From my window seat on the city bus I keep my eyes unfocused as the world passes by formless and soundless. After my third DUI and my driver’s license suspension nine months ago, I’ve decided to travel by public transportation. Once you learn how to block out the distractions of bus travel, it’s actually quite an introspective experience. For instance, I’ve discovered something recently; I’m no longer the person I thought I was or would be.
Katie, my last girlfriend and supposed soul mate, changed everything. Of course, God has a hand in this mess as well. After all, she’s His creation right? There are many imperfect creations in this world, yours truly among them. I don’t want perfection. I want decency, respect, and honesty. Unfortunately, Katie gave me none of those things. So, why am I so depressed? Why do I miss her so much? These aren’t rhetorical questions, by the way. Just yell out any answers you’ve got. I’m not picky.
As I step onto Rosen Avenue and wait for the signal to change, I look across the three lanes of traffic to St. Michael’s Catholic Church.

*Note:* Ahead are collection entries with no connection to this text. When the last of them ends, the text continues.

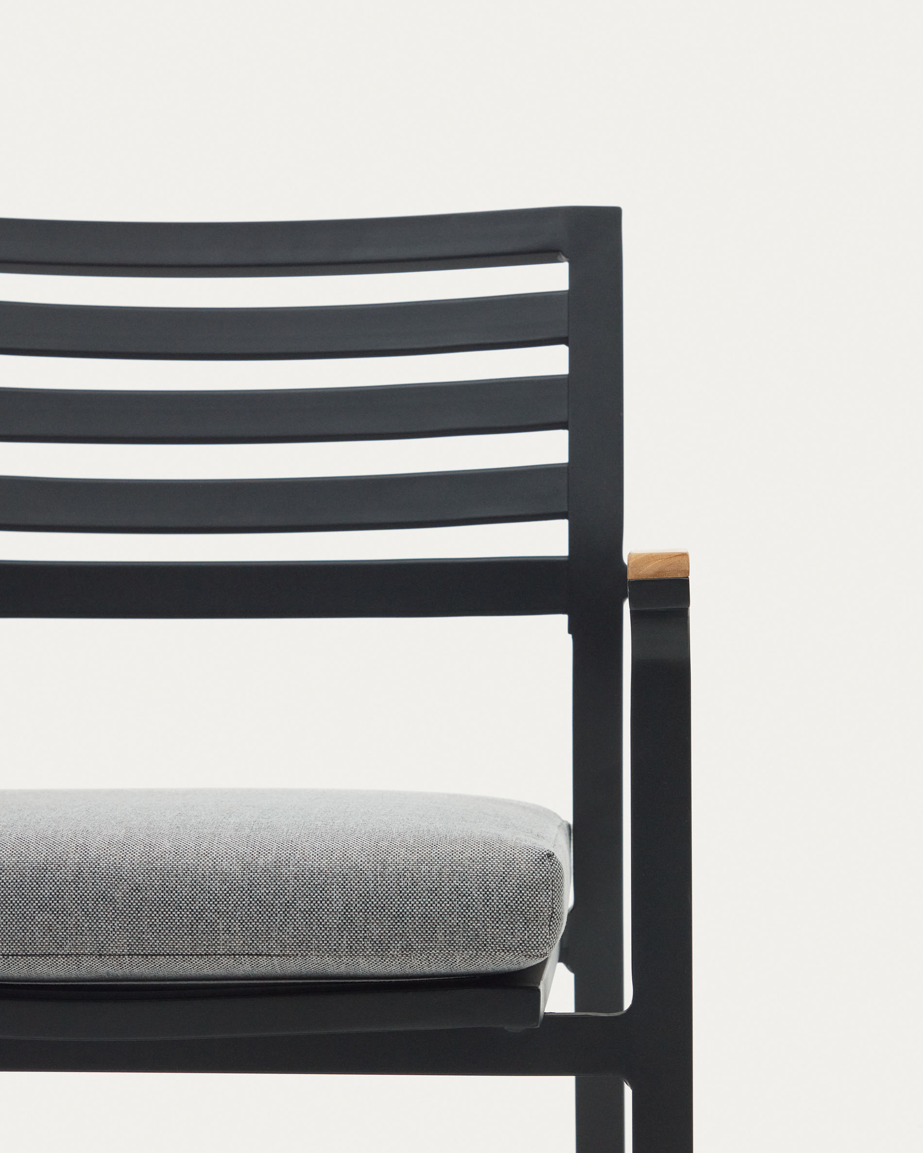 Bona rakásolható alumínium kerti szék fekete felülettel és tömör teakfa karfákkal
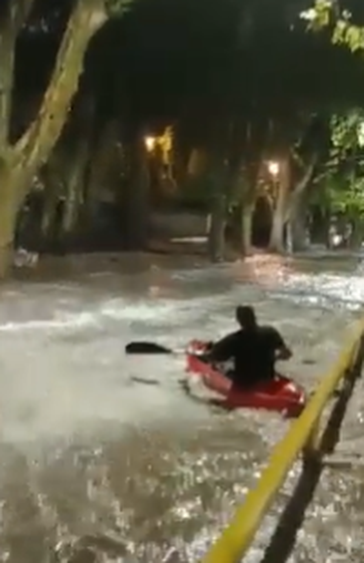 En las imágenes compartidas que se hicieron viral, se puede ver como el hombre pasa con su kayak color naranja acompañando el arrastre del agua que lo llevaba hacia la zona del Parque Canota de Maipú. Mientras tanto, una camioneta pasaba a su lado y dejaba en evidencia la fuerza con la que la corriente recorría una de las calles más transitadas del departamento del Gran Mendoza.
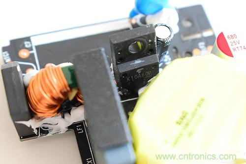 另一片散熱片上的共陰肖特基對管,標記比較淺和模糊,印字為 LT 7B37 G40H100CTW。這枚肖特基對管用于二次側DC整流,該電源并沒有采用目前已經廣泛使用的SR方案。

When was I last in there? I can’t remember.
An odd feeling hits me in the gut, a nudge perhaps, as if Someone’s trying to get my attention. I try to ignore Him. Maybe He’ll go away. It happens again. This time the rhythmic sound of cars cruising across the wet pavement does the trick. I sit down on the bus bench and sink fully into it. Another battle lost.

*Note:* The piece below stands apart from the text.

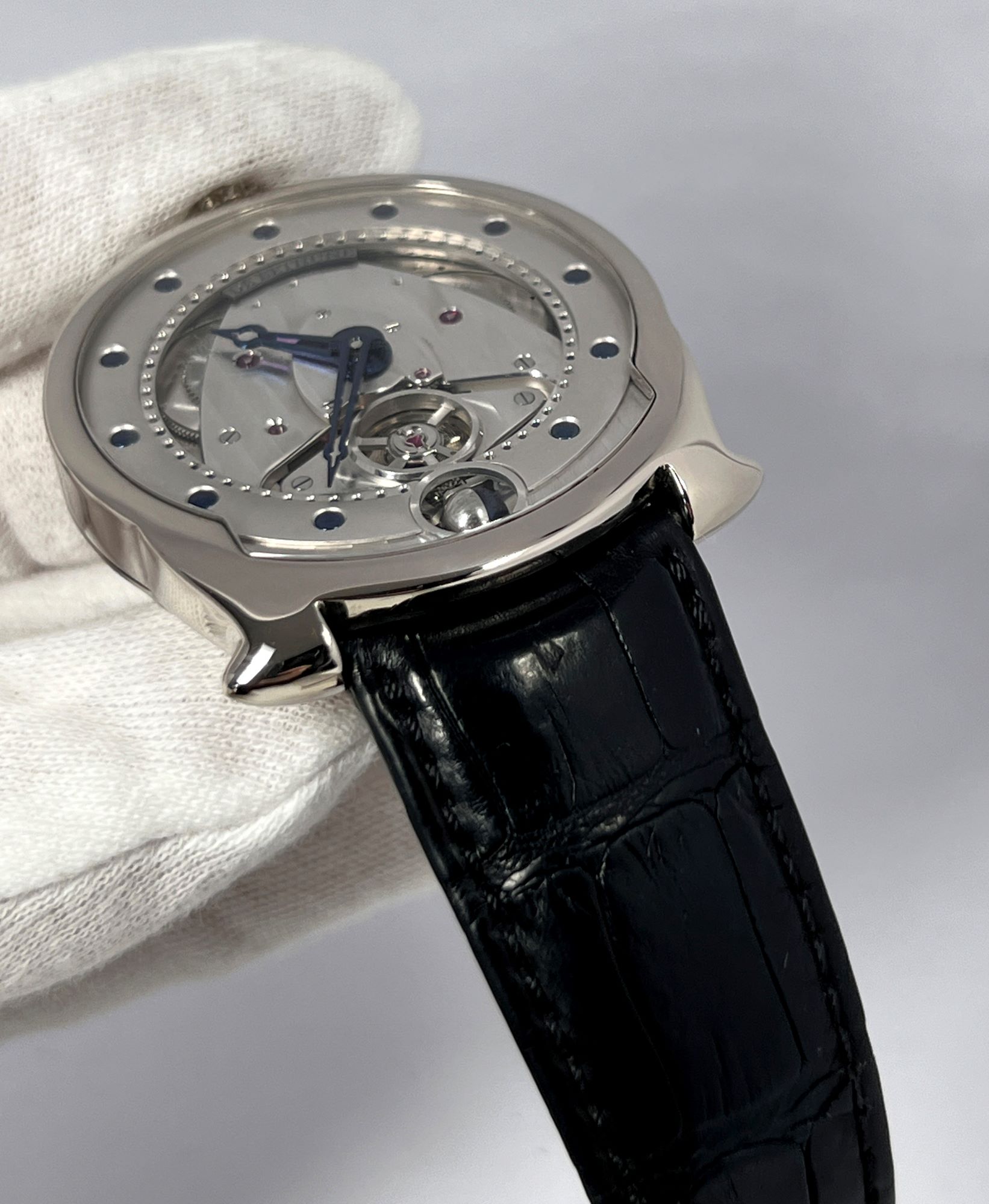 DialOpen-worked dial, convex chapter ring with blued half-sphere indexes, pierced minute track, first-generation blued steel open-worked ‘avant-garde Breguet’ hour and minute hands, platinum and blued steel spherical moonphase indicator at 6 o’clock

“Do you ever wonder what it’d be like if we could have a Richter Scale attached to our hip?”
Joey, my little brother, and his wife Shelly both narrow their eyes and then look at each other. Shelly turns away and refocuses her attention to the two pounds of ground beef hissing on the stove and calls for their son.
“Uh, no Carey, I can’t say that I have. Why would I?”
I ignore his hostile tone and explain,
“I just think it’d be interesting to see the readout of my life. I could tell exactly when my life had its peaks and valleys. It’d just be helpful, because I can’t remember the last good thing that happened to me.”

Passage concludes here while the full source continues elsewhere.